全日本私立幼稚園連合会、社会福祉法人日本保育協会、社会福祉法人全国社会福祉協議会・全国保育協議会推薦作品。

概要[編集]

アンパンマンのマーチ』の歌詞にある「何のために生まれて 何をして生きるのか」(1番の歌詞)という一節がテーマとして問われる作品で、これまでの映画の中でもテーマに「生と死」という少し重いものがあり、大人の観賞にも耐えうるように作られている。ただしオープニングはいつも通り2番の歌詞を流している。

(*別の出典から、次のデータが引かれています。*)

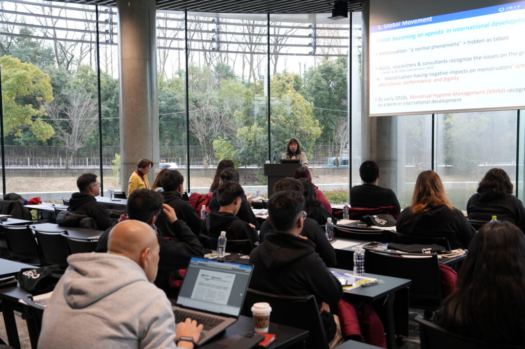 続いて、ユネスコチェアの小笠原理恵准教授が、大阪大学の保健医療分野での取り組みや、大阪大学で発足した MeW(Menstrual Well-being)プロジェクトについて紹介しました。MeWプロジェクトでは、月経に関する課題への取り組みとして、学内学生への無料生理用品を設置などの活動を行っています。質疑応答では、これらの取り組みが南アメリカでは十分に共有できていない点が課題として挙げられました。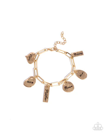 Dancing along a gold paperclip chain, a collection of slightly hammered gold pendants in varying shapes feature the word "mom" in a variety of ways along the wrist for a magical Mother's Day-inspired look. Features an adjustable clasp closure.

原作者のやなせたかしは公開当時、「おもしろいだけでなく感動もほしい。あまりに生命が粗末にされる時代なので今年は生命がテーマになっています」と語っている。

本作のゲスト主人公であるドーリィ役は、タレント・女優の安達祐実が担当。

あらすじ[編集]

アンパンマン達が住む町では、かつて不毛の地だったこの世界を水と緑の豊かな世界にしたと言われる「いのちの星」に感謝するための祭の準備が進められていた。

ある日、いつものようにパトロールをしていたアンパンマンは海に漂っていた一体の人形「ドーリィ」を見つけ、彼女をパン工場へ連れ帰る。その日の夜、パン工場に一つの「いのちの星」が降ってきてドーリィの体に宿り、「いのちの星」によって命を得たドーリィは自由に動けるようになり、翌日から町で生活を始める。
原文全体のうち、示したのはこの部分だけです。